The government’s argument was that Schulte (whose penchant for disproportionate retaliation had earned him the office nickname the Nuclear Option) stole a huge trove of sensitive hacking tools and disclosed them to WikiLeaks, not because he was critical of U.S. policy but as an act of revenge against his colleagues and his superiors, who had criticized him for being incessantly obstreperous. The jury found the prosecution’s claims about Schulte’s motive convincing, Flores said.
When I was writing my article on Schulte, I reviewed the full record from the first trial, and was quite surprised that the jury had failed to convict him, because the evidence against him had seemed overwhelming and unambiguous.
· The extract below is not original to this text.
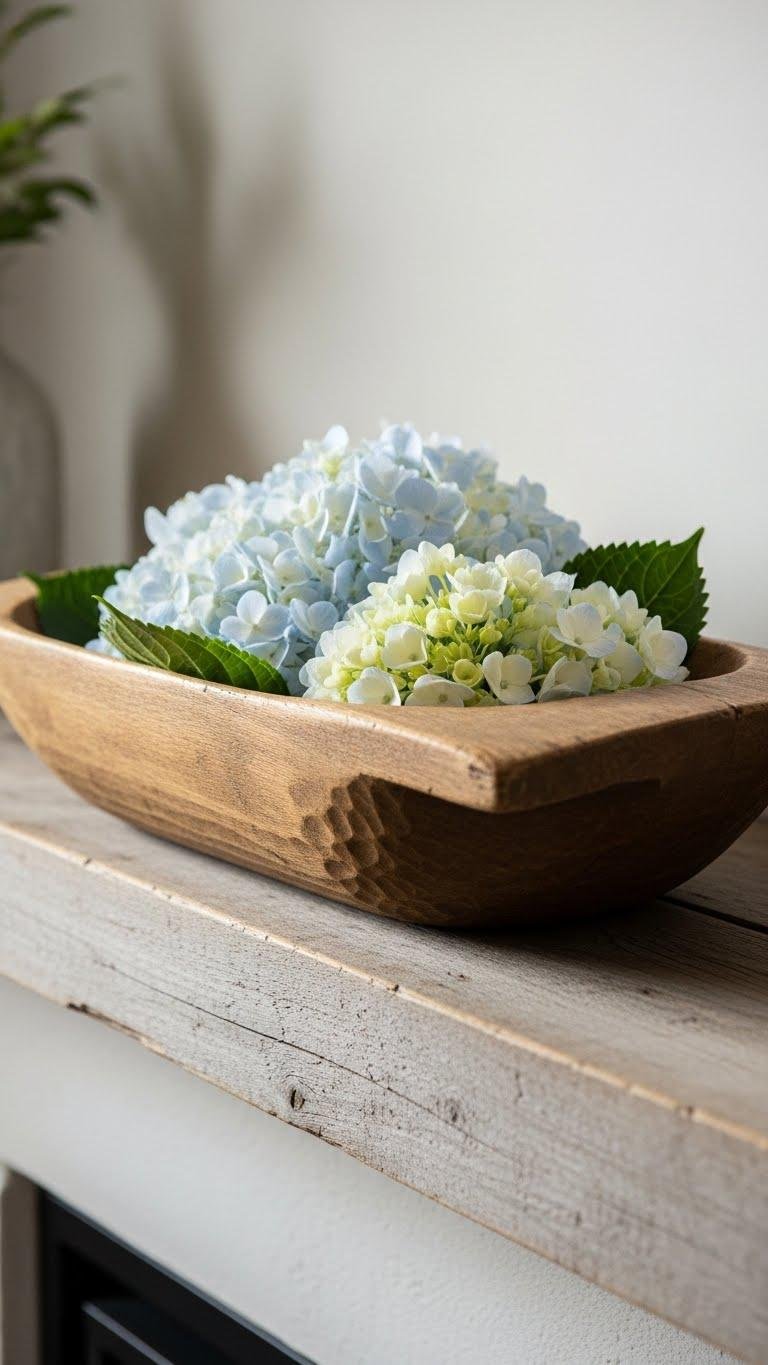 Often a single sculptural piece, a dough bowl centerpiece makes hydrangeas feel effortlessly collected and natural.

The hung jury in that initial case was a credit to his very capable legal team, in particular the federal public defender Sabrina Shroff. Before the retrial, however, Schulte made the bold decision to dismiss his legal counsel and represent himself. At a glance, this seemed like lunacy: it is difficult even for a team of seasoned lawyers to try a complex federal criminal case, and in this instance the secrecy surrounding the proceedings, along with the technical complexity of the evidence, presented additional challenges. Yet Schulte seemed convinced that he could do a better job than his defense attorneys. He may have felt, as a professional coder, that he was more fluent than any lawyer could be in the idiom of digital forensics, which would dominate much of the testimony. It may also have been the case that, as a hacker confined in a federal holding pen, he was attracted to one of the perquisites of serving as your own attorney: access to a computer.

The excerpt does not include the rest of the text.